И все, что только жило описываемой ночью в этом темном месте, было как нельзя более согласно с речью проворного парохода.

«Пошел! Пошел! Сторонись, — раздавлю!» — яростно свистела железная дорога.

— Проходи! Проходи! — с злостью кричали друг на друга встречные шоссейные извозчики, хлестко обравнивая кнутами и встречных знакомых, и их лошадей. — Эк стал, леший, на дороге-то! Для тебя, что ли, одного она?

А издали, сзади, в каких-то неясных, но богатырских очертаниях рисуется город. Мощно смеясь, он вытискивает от себя толпы ненужного ему народа, шаг за шагом следит за его тревожным движением — и, не взирая ни на усталь толпы, ни на ее разнообразные муки, безжалостно шумит:

«Иди! Иди! Тебе же хуже будет, ежели остановишься, — тебя же стопчут и раздавят тысячи ног…»

Толпы эти, встречаясь с противоположными толпами, тоже, в свою очередь, орали:

— Старр-ранись! Раз-здавлю! — Экое место проклятое, — словно бы не люди на нем разъезжают, а живорезы какие-нибудь.

Во всю тихую ночь и по всему шоссе не смолкая раздавались такие бурливые разговоры людей, столкнутых в плотную массу могучей рукой столичного города. Бесконечно варьируясь, разговоры эти шумели оглушающей, ни на секунду не прерывающейся грозою, в которой главными нотами были: порывистый бег множества людей, стремившихся будто бы для предотвращения какого-нибудь страшного несчастья, звонкие удары и жалующийся, протяжный — кр-раул…

«Что это за исключительная жизнь? — недоумевал я, вслушиваясь и всматриваясь в кипевший около меня водоворот. — Нужно этим адом поболее заняться, — пойдем дальше и посмотрим на него при дневном свете…»

II

Таким образом целую ночь тянулась описанная местность, изумляя меня своей неугомонно крикливой живучестью и заставляя вдумываться в причины этой живучести, которой мне не приходилось подстерегать на других дорогах.

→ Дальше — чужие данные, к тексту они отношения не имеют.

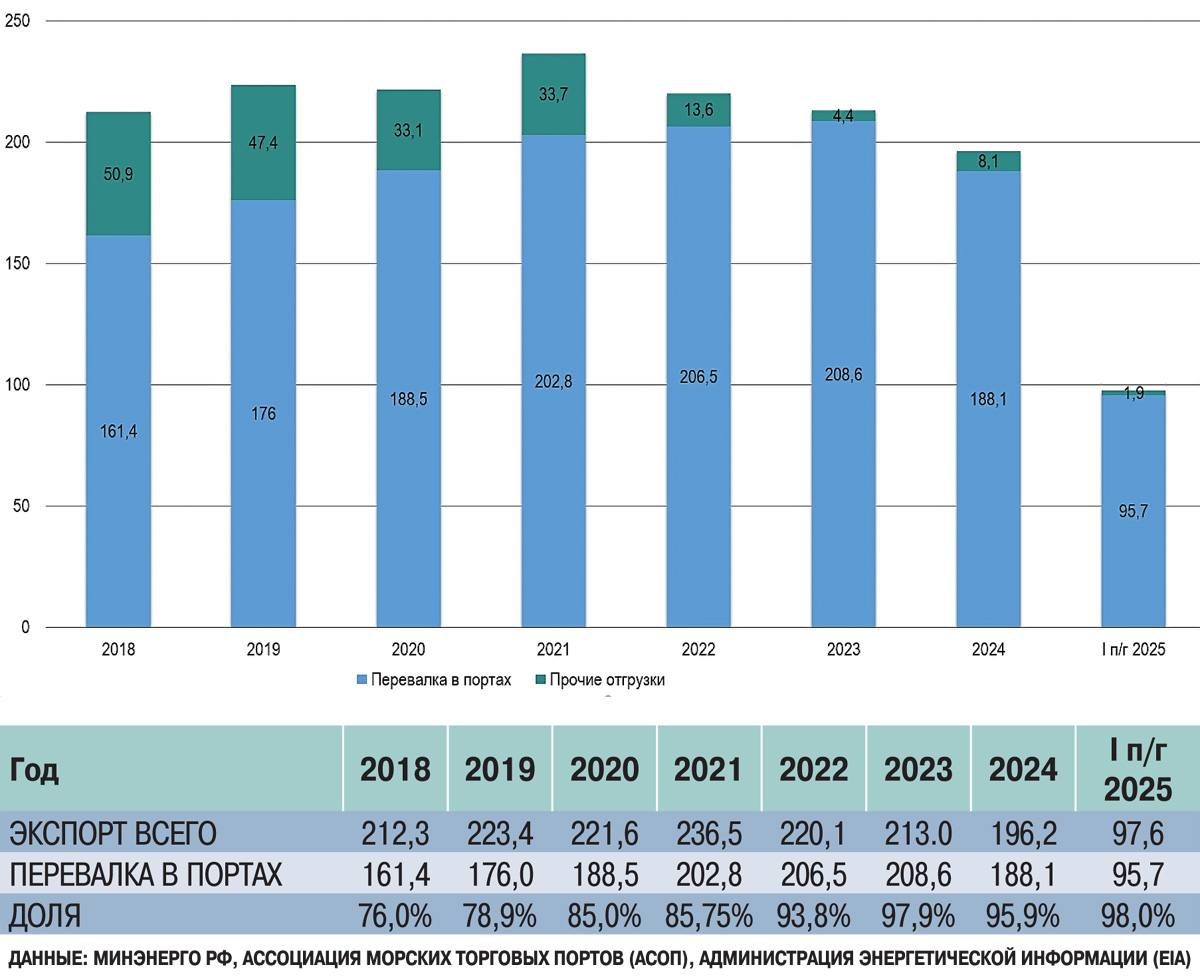 Рис. 2. Экспорт угля из России по годам с учетом доли морских портов, млн т

Попадались встречи добрые и недобрые.

— Проходи, проходи! — гневно покрикивали некоторые из ночных людей, когда я подходил к ним с целью завести приятное знакомство и расспросить кое о чем. — Што около возов-то трешься, шаромыга ты эдакая, полуночная? Выровняю вот кнутом, — не будешь пугать лошадей.

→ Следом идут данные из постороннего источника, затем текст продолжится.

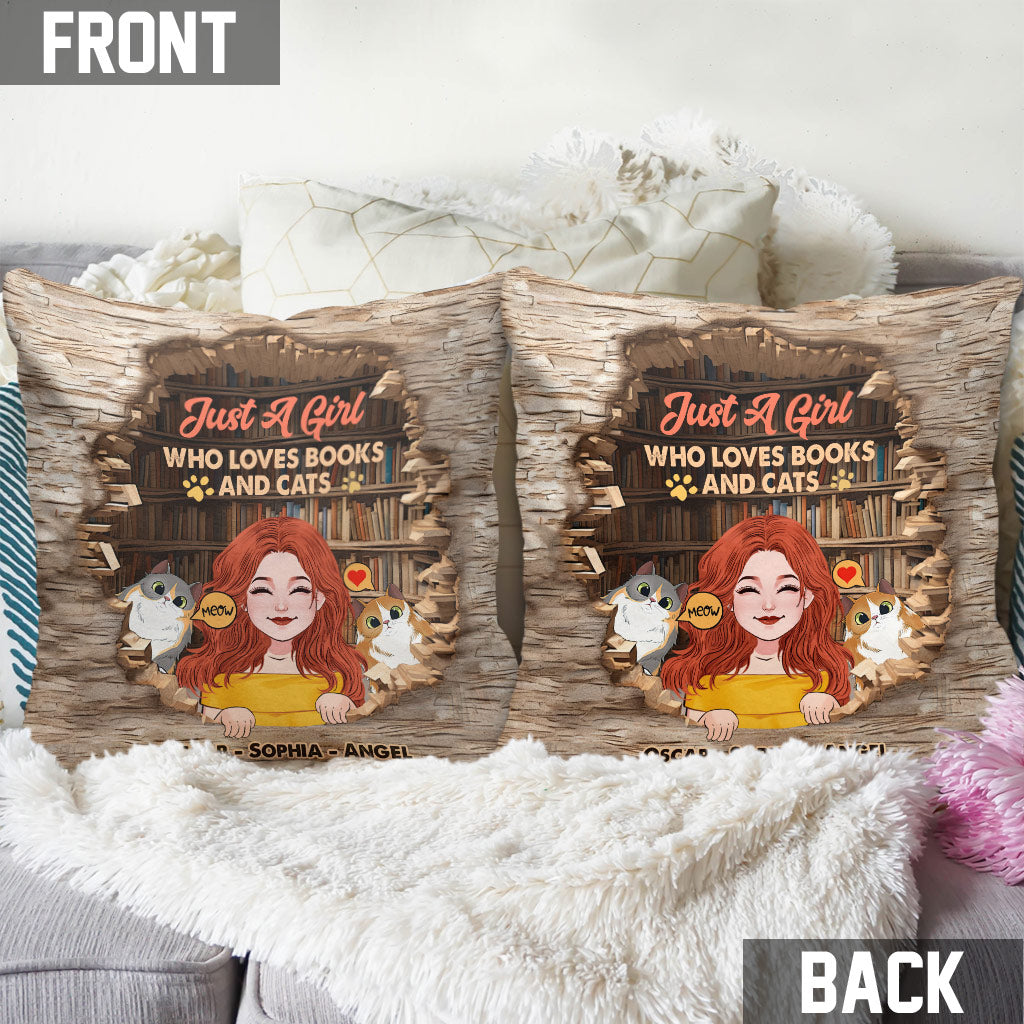 Coussin décoratif personnalisé « J’aime les livres et les chats »

Другие на вопрос, как и что? — недоумевая, отвечали:

— Да ведь как ее там!.. Разберешь разве?.. Город!.. Одно слово: столица… Мнет тебя отовсюду — прет… Хочешь не хочешь, а иди, потому строк… Всё теперича пошли контрахты, с записью… У нас хозяин очень строг насчет этих самых контрахтов. По рассказам, он обанкрутился недавно, так крепче еще, по этому случаю, взлюто-вался.

Попадались и такие молодцы, которые, присевши около канавы, обрамлявшей шоссе, радушно и ничуть не стесняясь, покрикивали мне:

— Эй, баринок прохоженький! Твое благородие! Иди компанью разделим. Я вот десять бутылок пива али вина какого (черт его разберет в темноте!) слущил. Не слажу никак один, иди присуседься! А то все равно на дорогу вылью.

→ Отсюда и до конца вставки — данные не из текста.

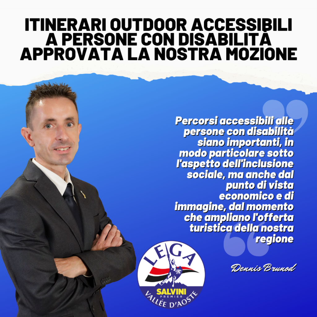 Ieri è stata approvata all’unanimità la nostra mozione che chiede di valorizzare gli itinerari outdoor accessibili a persone con disabilità. L’intento è quello di creare una pagina sul portale www.lovevda.it, prima dell’avvio della prossima stagione turistica in cui saranno riportati i percorsi e gli itinerari outdoor che si prestano alla fruizione da parte delle persone con disabilità e di cui è garantita dalle Amministrazioni stesse la regolare manutenzione e percorribilità.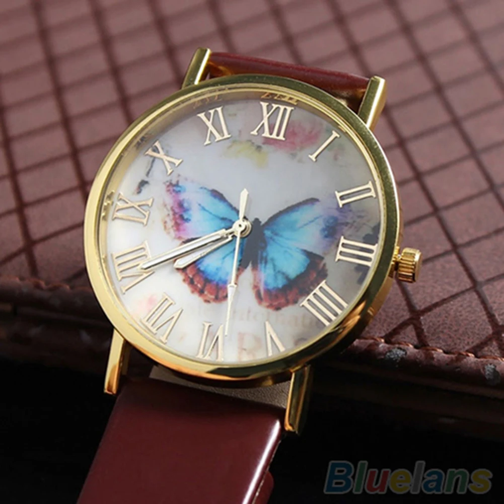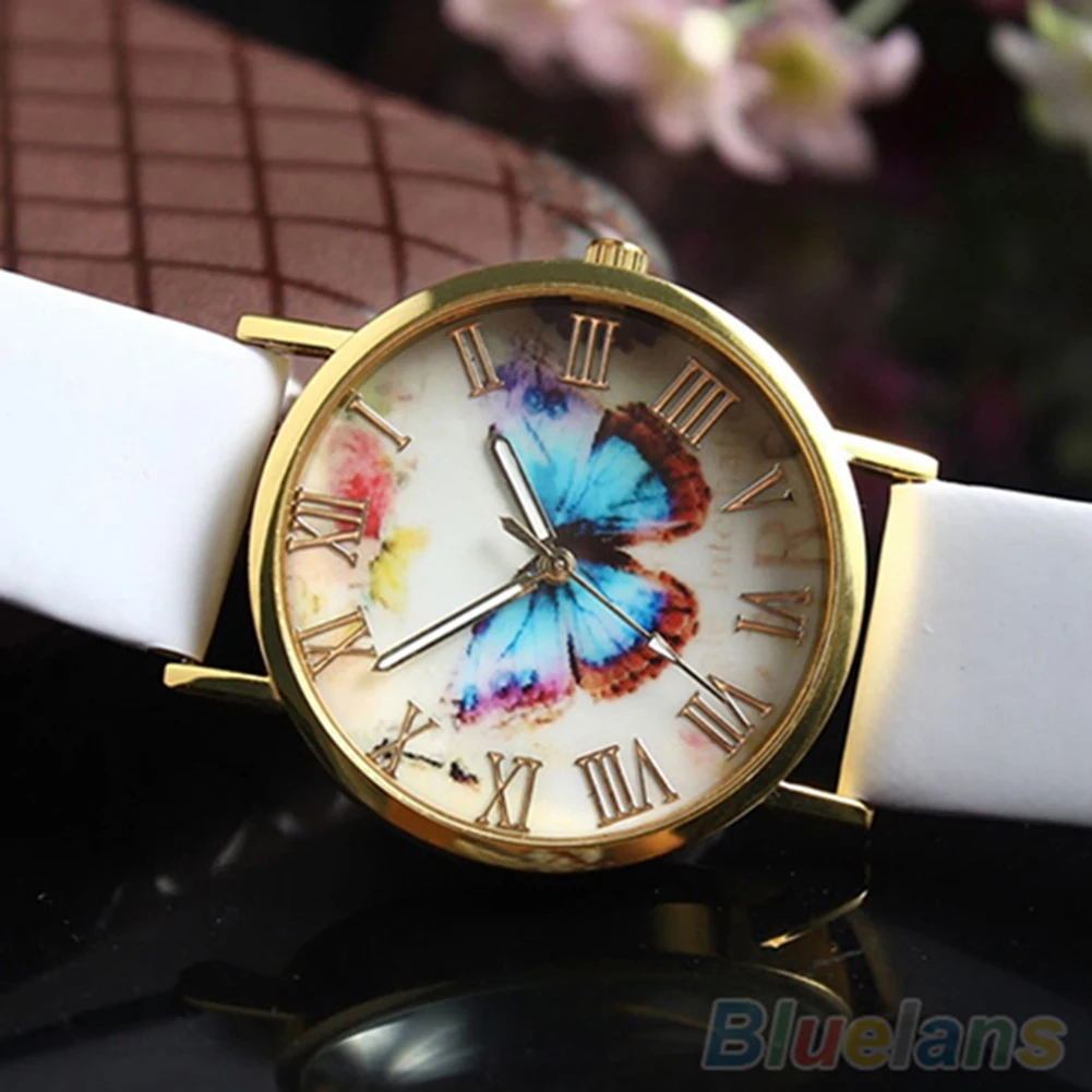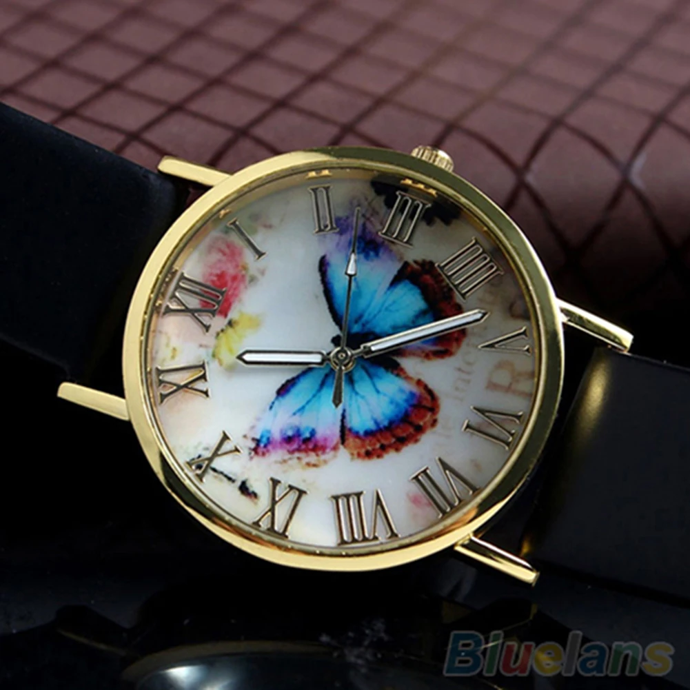 Эти Аналоговые кварцевые наручные часы украшают красочный циферблат с бабочкой, круглый чехол и ремешок из искусственной кожи.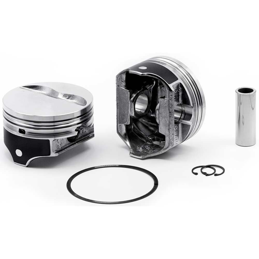 Piston set Chev 350ci flat top 1.265 compression height flat top 2 valve pocket suit 6.0" rod 4.030 bore 5/64 5/64 3/16 oil hypereutectic Keith black series
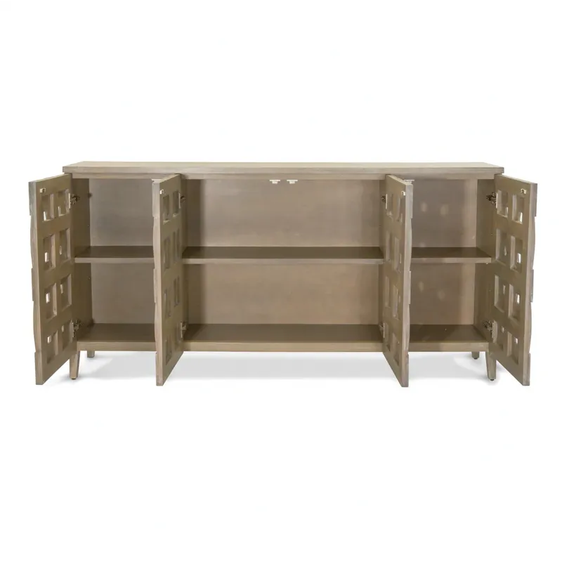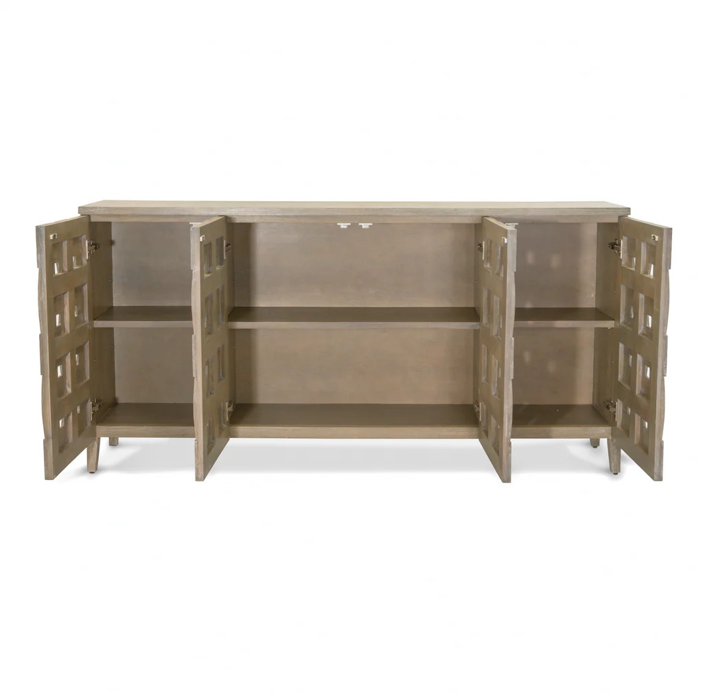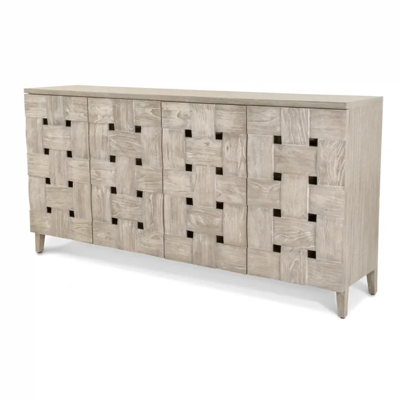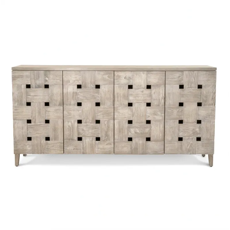 Wooden Weave 4-Door Credenza, Soft Close Doors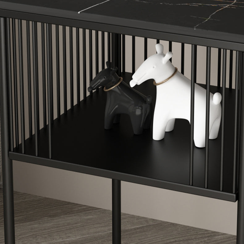 Modernistic Metal 4 Legs End Table Square Slate Top End Table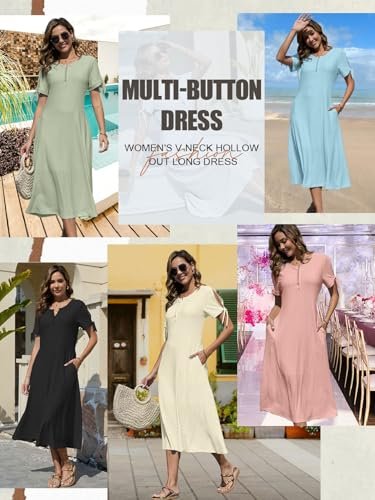 Avslappnad strandklänning: Denna eleganta eleganta och eleganta maxiklänning för kvinnor definierar din stil tack vare den unika kombinationen av V-ringning, sofistikerad knappstängning och bohemisk charm, vilket gör den till det perfekta valet för alla kvinnor som letar efter stil och komfort.

— Ну а как тут у вас заработки-то? — спрашиваешь паренька по дальнейшем знакомстве. — На фабрике где-нибудь или так?

— Заработки? — весело переспрашивал молодец, разбивая камнем бутылочное горлышко. — Да заработки, ежели теперича по здешним сторонам… Ка-ак же-с! Я вот сегодняшнего числа попону с лошадей добыл да четыре каретных фонаря отвинтил… Аплике фонари!.. Первый сорт!..

«Черт знает что такое!» — раздумываешь, идя дальше.

К концу ночи я познакомился с одним хлебопеком. Он ехал на громадной телеге, в которую был впряжен еще более громадный мерин. Хлебопек великодушно пустил меня к себе в телегу, солидно и толково отзывался на мои вопросы, и когда я окончательно пожелал узнать от него, как это здешнее население ухитряется удовлетворять своим прихотливым наклонностям, он многозначительно отвечал мне:

— Да ведь как тебе, судырь, доложить насчет этого дела? Сам рази не видишь, какие тут около нас костры большие горят, — ну вот щепочки-то иной раз от тех костров до нас целенькие и долетывают… Щепочками-то эфтими мы и живем… Так-то-сь!..

Говоря это, хлебопек хмыкал в бороду, знаменательно взглядывал на меня, сопрягая, так сказать, эти взгляды с хмуреньем густых черных бровей, и пересыпал высказанную мысль фразами вроде того, что «вот так-то! Вот ты теперь и понимай, как сам знаешь! Костер, мол, горит, а мы, маленький народец, все насчет щепочек, все насчет щепочек», а потом вдруг, ни к селу ни к городу, спросил: «Нет ли у вас, барин, чего продажного — подешевше, посходнее?»

— Нет! Продажного у меня ничего нет, — отвечал я.

— То-то! А то здесь часто нашему брату нажить доводится. Прогорит это господин какой-нибудь в Питере, шатает, шатает его ветер-то по разным сторонам — и сюда занесет. Вот мы у таких-то покупаем частенько… Пытаму им смерть… Поэтому я, примерно, и к тебе-то… Думаю, мол, продает што-нибудь ночным временем… Посходнее ежели што… Оно отчево же? Деньги при нас завсегда есть… Состроил я тут неподалечку избенку, так оно, конешно што, и гондобишь…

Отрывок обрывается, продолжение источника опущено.